Saturday, September 23, 2006

Trip: Lao People's Democratic Republic (Lao PDR)
Date: September 23, 2006
Place: Vientiane

Good news! I was able to cross the border into Laos. I didn't run into any political trouble, but knowing what to do to cross is a bit tricky. The steps to cross the Friendship Bridge from Nong Khai Thailand to Vientiane Laos are:
1) Hire a tuk tuk to go to the "Bus Station to Laos" (about 30 baht if you negotiate)
2) Go through Thai immigration and give them your departure card
3) Take a bus to Laos (you can buy a ticket just on the other side of Thai immigration for 20 baht)
4) Go to the window in the front to get a visa for Lao. You will need $30 USD (or apparently $31 USD on Saturday; you can pay in baht too, but it will cost about another $15, so it's best to use US currency if you can...). You will also need a passport photo. Thankfully, the Fulbright folks recommended that we bring several passport photos with us, so I had a large sheet of passport photos made and took them with me.

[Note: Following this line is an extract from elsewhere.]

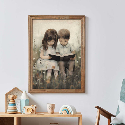 Vintage Reading Print – Educational Toddler Room Wall Decor

I didn't have a scissors though, so I handed the guy at the visa counter the whole sheet and asked if he could cut one off; they all had a long chuckle about that!
5) Pick up your visa (and your change if you have any) after they call your name. (It takes five minutes or so for them to process the information so you have to wait on the benches until they are done...) Oh, and the Lao visas are pretty like the Cambodia ones! :)
6) Fill out your entry/departure card. I got mine from the Lao Immigration counter, because I went there first, not knowing about the special visa window! You can probably get one from the visa guy though...
7) Go through Lao immigration where you show them your visa and arrival/departure cards
8) Go to the entry fee counter and pay 10 baht to enter the country... I guess it is a 30 cent tax on foreigners?!
9) Take a tuk tuk (50 baht) or a taxi (150 to 250 baht depending on who you talk to! Again, negotiation is key!) to your destination in Vientiane!

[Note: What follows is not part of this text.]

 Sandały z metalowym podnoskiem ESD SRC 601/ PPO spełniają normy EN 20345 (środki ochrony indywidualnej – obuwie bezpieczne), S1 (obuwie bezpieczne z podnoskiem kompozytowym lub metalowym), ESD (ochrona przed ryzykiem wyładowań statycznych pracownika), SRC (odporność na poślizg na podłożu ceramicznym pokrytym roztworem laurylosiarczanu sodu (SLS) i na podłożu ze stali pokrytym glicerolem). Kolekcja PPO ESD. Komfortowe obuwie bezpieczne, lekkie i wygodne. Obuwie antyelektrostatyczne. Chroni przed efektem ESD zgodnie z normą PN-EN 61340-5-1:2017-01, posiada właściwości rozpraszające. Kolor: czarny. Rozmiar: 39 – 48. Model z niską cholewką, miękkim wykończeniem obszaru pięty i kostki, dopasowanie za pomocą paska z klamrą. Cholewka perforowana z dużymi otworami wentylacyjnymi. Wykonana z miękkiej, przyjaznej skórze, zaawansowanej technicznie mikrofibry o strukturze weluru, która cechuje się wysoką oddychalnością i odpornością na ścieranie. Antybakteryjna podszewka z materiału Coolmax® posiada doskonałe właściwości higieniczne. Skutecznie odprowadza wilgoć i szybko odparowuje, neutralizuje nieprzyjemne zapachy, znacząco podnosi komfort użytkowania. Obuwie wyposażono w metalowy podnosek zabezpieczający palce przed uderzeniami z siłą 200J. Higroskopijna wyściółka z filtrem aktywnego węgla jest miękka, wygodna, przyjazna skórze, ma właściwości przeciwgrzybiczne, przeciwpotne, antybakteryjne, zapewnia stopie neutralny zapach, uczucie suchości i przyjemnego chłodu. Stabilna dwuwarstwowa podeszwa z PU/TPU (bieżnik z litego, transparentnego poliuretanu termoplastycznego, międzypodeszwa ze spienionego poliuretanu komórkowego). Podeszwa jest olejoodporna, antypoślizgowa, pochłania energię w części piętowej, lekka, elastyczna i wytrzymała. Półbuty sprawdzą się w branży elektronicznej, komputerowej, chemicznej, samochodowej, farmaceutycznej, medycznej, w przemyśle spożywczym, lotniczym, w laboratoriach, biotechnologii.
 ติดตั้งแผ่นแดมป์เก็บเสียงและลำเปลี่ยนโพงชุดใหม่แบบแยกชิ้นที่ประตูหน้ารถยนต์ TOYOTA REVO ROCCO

Vientiane is much smaller than I expected. I guess because it had a French name and was one of the main border towns, I expected it to be large and well developed. Not so! It is quite small (easily navigable on a bicyle which you can rent for a dollar a day) and run down like most cities in developing countries. The roads are quite torn up, but I think it is because they are planning on constructing new roads soon...

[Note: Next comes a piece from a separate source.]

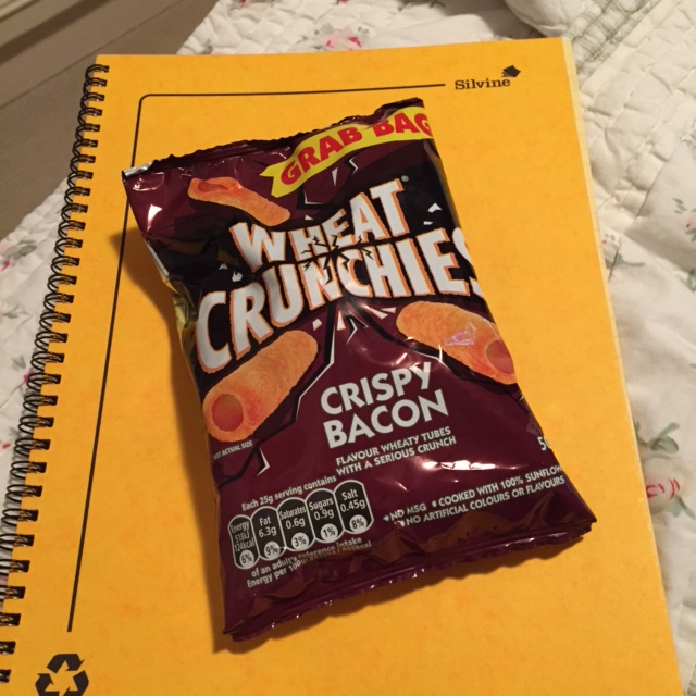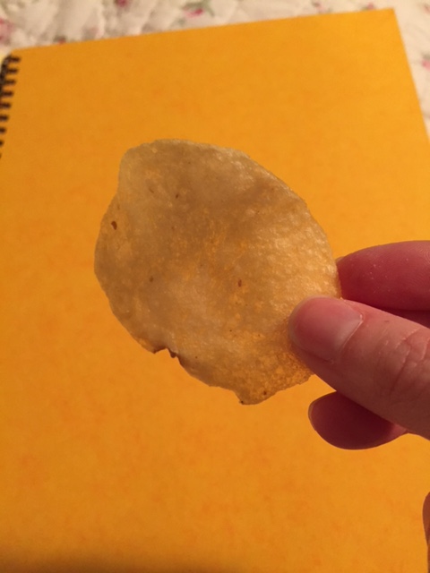First of all, what’s with junk food labeling here in the UK? The labels seem to include either extremely specific and uninspired descriptions (i.e. “unmistakably cheesy”) or pictures that suggest an entirely different density. Squares fall into the latter category. I thought these would be thicker, like little salt & vinegar crackers, which seemed kind of interesting. I thought maybe crackers would retain even more savory zing crystals than chips. Alas, these are pretty much chips squared, only in terms of the shape, not (salt + vinegar) 2

I did have dinner at a very nice French cafe tonight though called "Dao". The food was great and their ice cream was some of the best that I have had. It was a bit expensive though - $8 for food and desert. Funny how $8 seems outrageously expensive to me now, when I would have thought it was ridiculously cheap just a month ago!! I have put myself on a strict $300 a week budget though, as I do not want to go through my entire savings before I even get to Bangladesh! Thus, an $8 dinner is considered a "splurge"!

I am actually getting quite used to traveling. I sleep as well in my hotel rooms as I did in my apartment back in New York. Squeezing into a rickety tuk tuk with seven other Lao women seems normal. I am even getting used to the heat and humidity. I still sweat gallons a day, but it doesn't fatigue me like it did in the beginning.

Oh, just a quick note before I go, the Morning Market in Vientiane is a great place to buy Lao textiles. And Lao textiles are amazingly beautiful! Even better than the Thai ones I think! I have been VERY good on this trip and have not purchased anything except for rooms, transportation, and food, which for those of you who know me well was quite hard! I almost broke down at the textile booths today though. Fortunately for me the ones that I really wanted were outrageously expensive (the store woman's initial quote was $180 - I always have had expensive tastes), so my budget prevented me from indulging... Once I am back working again (in a place where I can wear Lao style clothes), however, I am definitely coming back to Lao to go fabric shopping!!